As you can see, Spring Batch still require to configure some technical stuff you might not really need, which is not the case for Easy Batch. And this is exactly what many people are complaining about. Here are some examples:

"Spring Batch application grows pretty quick and involves configuring a lot of stuff that, at the outset, it just doesn't seem like you should need to configure. A "job repository" to track the status and history of job executions, which itself requires a data source - just to get started? Wow, that's a bit heavy handed"

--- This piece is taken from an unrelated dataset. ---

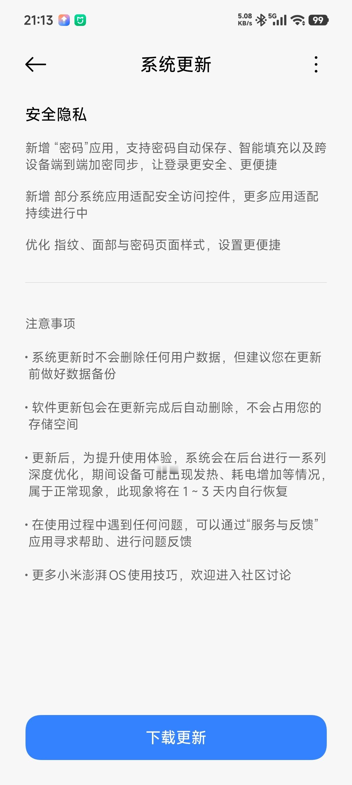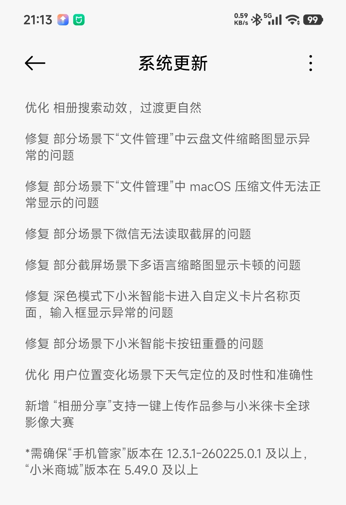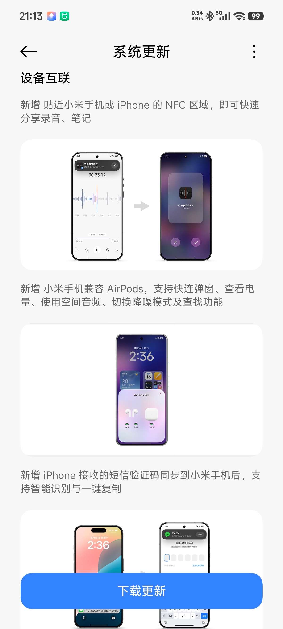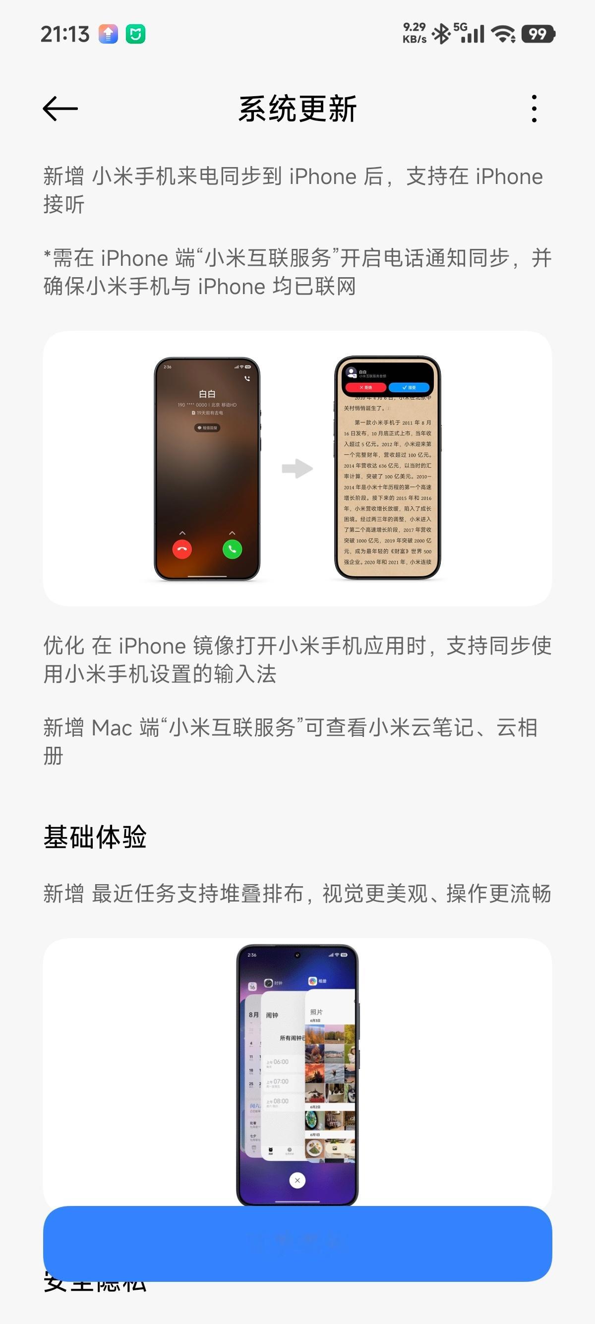 小米14收到最新系统版本升级:系统应用全面性优化;设备互联;基础体验;安全隐私。

"I got a little overwhelmed by the complexity and amount of configuration needed for even a simple example"

Jeff Zapotoczny

"What should we think of the Spring Batch solution? Complex. Obviously, it looks more complicated than the simple approaches. This is typical of a framework: the learning curve is steeper."

Arnaud Cogoluègnes

"I recently evaluated Spring Batch, and quickly rejected it once I realized that it added nothing to my project aside from bloat and overhead"

rtperson

"il faut configurer le composant qui permet de lancer un batch, le « jobLauncher ». Simple, mais on voit que l’on a besoin d’un « jobRepository » qui permet de suivre et de reprendre l’avancement des tâches. On voit que l’on a besoin d’un transaction manager. Cette propriété est obligatoire, ce qui est à mon sens dommage pour les cas simples comme le nôtre où nous n’utilisons pas les transactions."

Julien Jakubowski

"Spring Batch or How Not to Design an API.. Why do I Need a Transaction Manager? Why do I Need a Job Repository?"

William Shields

Most of these posts are quite recent, there are a couple of them that seem to be outdated, but this is still true for the last version of Spring Batch (v3.0.3 as of writing this post).

EDIT 02/10/2017: Most people are complaining about the complexity of configuration of Spring Batch jobs (I am not one of them, read more about this later in this post). This complexity is not relevant anymore today thanks to the amazing Spring Boot project and the @EnableBatchProcessing annotation.

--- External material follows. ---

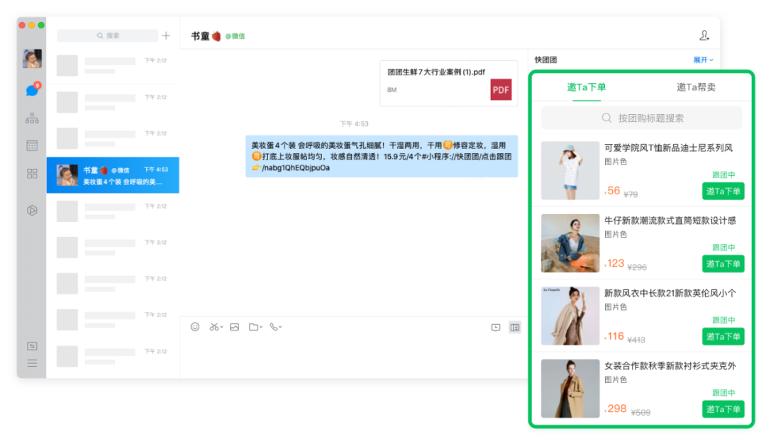 【我的团购】 :直接向客户发送团购主 动建 联,邀请下单/帮卖

These reactions from the community can be summarized in 3 points:

  • Steep learning curve
  • Complex configuration
  • Mandatory components that you have to configure but probably don't need

Personally, steep learning curve is not a problem if it worth it (and it does for Spring Batch!). Complex configuration is also a point that I can accept. But my concern is being forced to configure components I might not need:

  1. If my application does not require transactions, why do I need to configure a transaction manager?
  2. If my application does not need retry on failure or job history, why do I need to configure a Job Repository (even in memory)?
  3. If my application does not write anything, why do I need to specify a writer?
  4. If my application does not need chunk processing, why do I need to specify a commit-interval?

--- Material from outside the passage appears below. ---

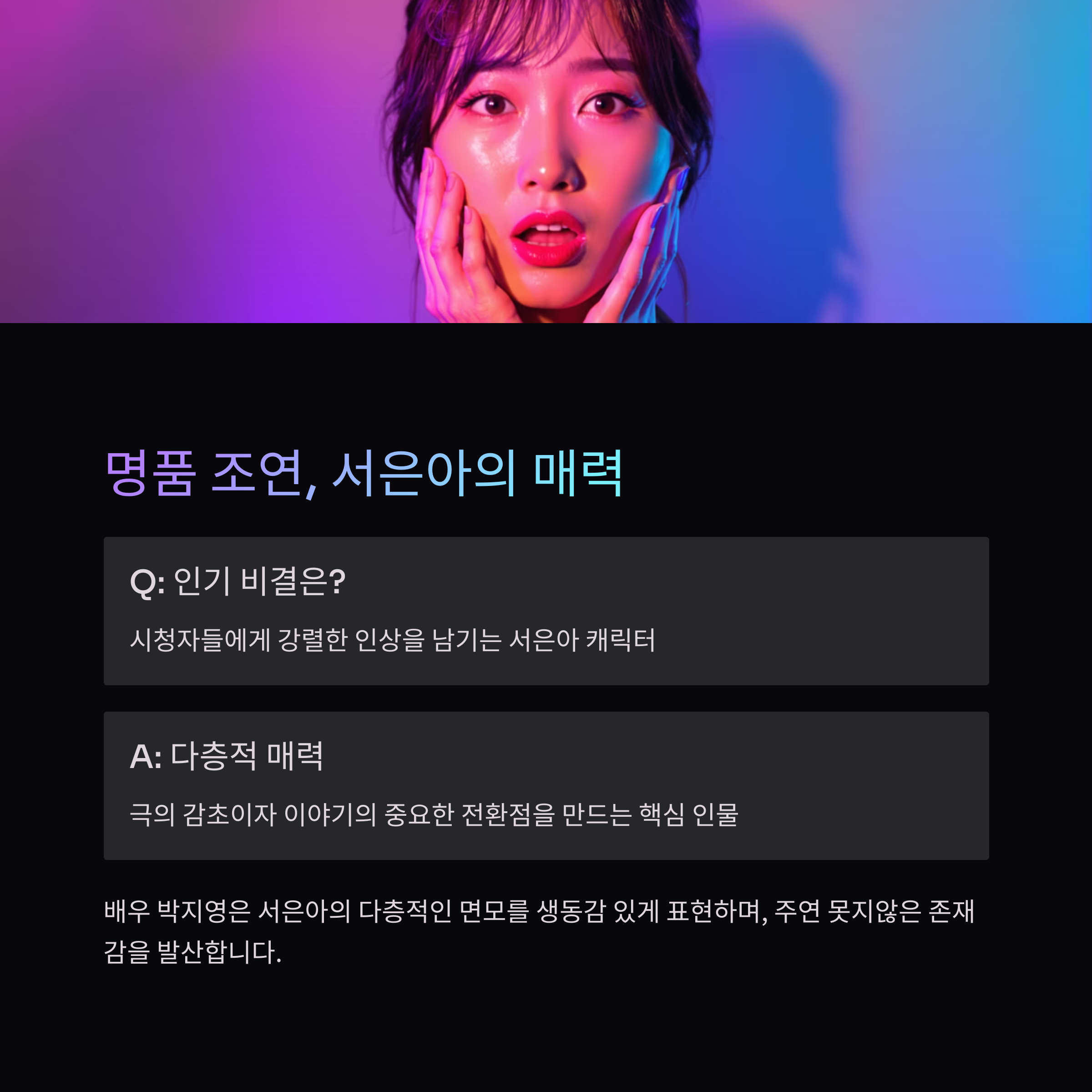 배우 박지영은 서은아의 다층적인 면모를 생동감 있게 표현하며, 주연 못지않은 존재감을 발산하고 있습니다.

There is certainly a good reason for each of these components and I have tried to answer these questions according to my understanding of the framework's internals:

If my application does not require transactions, why do I need to configure a transaction manager?
If my application does not need retry on failure or job history, why do I need to configure a Job Repository (even in memory)?

Spring Batch persists the state of the job in a database to be able to restart it where it left off in case of failure. To persist the state of the job, a transaction manager and a job repository are required. But those could have been made optional by default in case there is no requirement to retry the job on failure.

If my application does not write anything, why do I need to specify a writer?

What I am referring to is for example a batch job that counts the number of invalid records in a flat file. In this case, we don't write data anywhere (unless you define assigning a value to a variable as some kind of writing). Of course, one can use a NoOpItemWriter, but again, this is configuring a component we don't need.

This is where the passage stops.